Smoke

7 of 7 books I love. Oscar Pino’s Address Book in a green canvas slipcase. North Patterson, NJ: Joshua Meier’s Division/W.R. Grace & Co., 1977.  With photos & paper ephemera.

“Somewhere in this little book I will start to change my life. And if that in itself means anything to anybody good.  Because I do want…”

Urban archeology at its best. In 1979 I lived at 214 East 10th St, behind Second Avenue Deli on a block then notorious for drug sales in a neighborhood notorious for drug sales. Our block contented itself with reefer sales, which is not to say you couldn’t get whatever. I was held up in my building’s vestibule by the first crackhead I ever met. The man was too insane to pull it off.  I shut the door on his fingers.

Across the street in 217 lived Paul Cyrus Bray, a bearded weirdo poet Duncan Hannah knew so I’d known through seven years of corresponding, smoking, drinking, and mostly talking about books. Dude was tortured. His CIA father raised him wrong in Panama. To explain how he twisted the son is an amusing story too long to tell here. Suffice to say one gloomy March afternoon we were returning from a pornography buying spree in Times Square and on entering Paul’s squalor – someone dubbed it Bray’s Turd Grotto – we encountered the Conversed heel of Oscar Pino exiting by tenement fire escape, stage left, empty handed.
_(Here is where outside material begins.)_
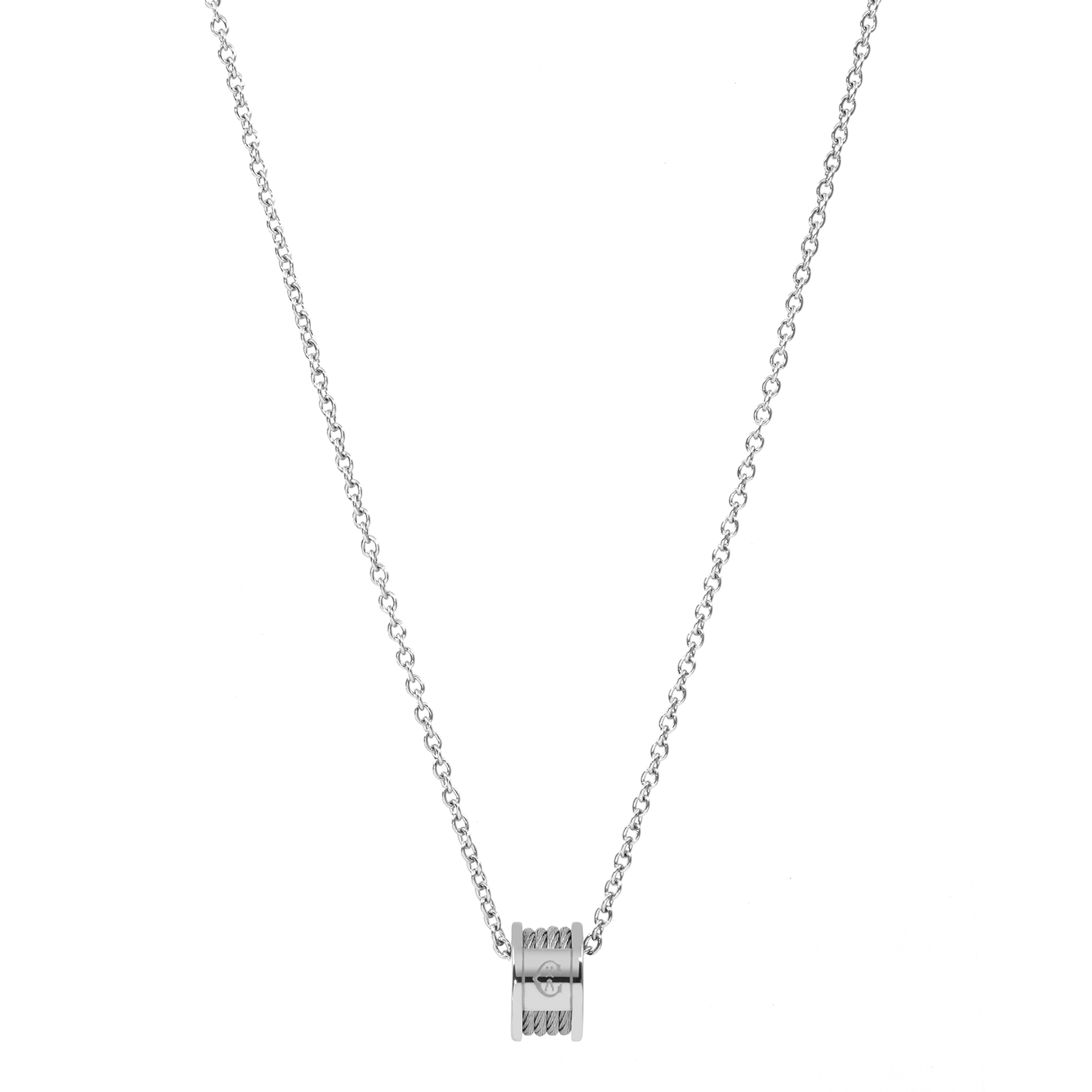 This elegant necklace from Charriol’s bestselling FOREVER collection brilliantly showcases our iconic woven stainless steel cabling. Designed to bring a touch of glamour to your look, it features a barrel-shaped lozenge, inspired by the shape of a couturier’s bobbin. Five ultra-fine lines of our signature cable are framed by a polished yellow gold PVD edge. A modern unisex design, epitomizing our world-renowned craftsmanship and luxurious detailing.

Being the upstairs neighbor he was home in no time. We knew soon enough where as I found, amidst the child pornography, fast food wrappers, empty fortified wine screwtop bottles, dinner wear, underwear and literature I found the fucker’s wallet. He’d broke in somewhere there was nothing to steel.  So junkie uncool.

“No, man, you found it. It’s yours.”

We knocked on dude’s door. He didn’t answer. Nothing was missing, everything was already broken, so we spent the day basically doing what we’d intended to use our day off from the Strand to do, drop the porn, scout books in the Abbey or Biblo & Tanner over on 4th Ave, busman’s holiday style.  I didn’t find anything better than this.

As will become apparent, it is a document of it’s time. I’ve a manila envelope from the same time of a graffiti artist’s portfolio of original works. Dude entrusted them to me to show Patti Astor toward an exhibition a block over at the Fun Gallery. He left no forwarding address and never returned for it.

This slice of East Village street life before gentrication has the distinction of, as an essential prop, appearing in ‘Smoke’, a Wayne Wang/Paul Auster film set about a South Slope Brooklyn smoke shop in the ‘90s, when I lived so far in the North Slope it was Prospect Heights. What it was doing there was in Paul Bray telling Paul Auster the story of this wallet so he credited it with being the inspiration. I don’t know if Aster agrees but I’m willing to believe Bray.

For years it’s been within reach of my desk. Apropos I knows not what I pulled it out the other night and showed it to my wife, who in our 20 years together hadn’t seen it. It may not be literature.  It may not be art. It may be better. It’s the way things were/are.

Oscar & Juliette Pino with their son.                                                                     At home.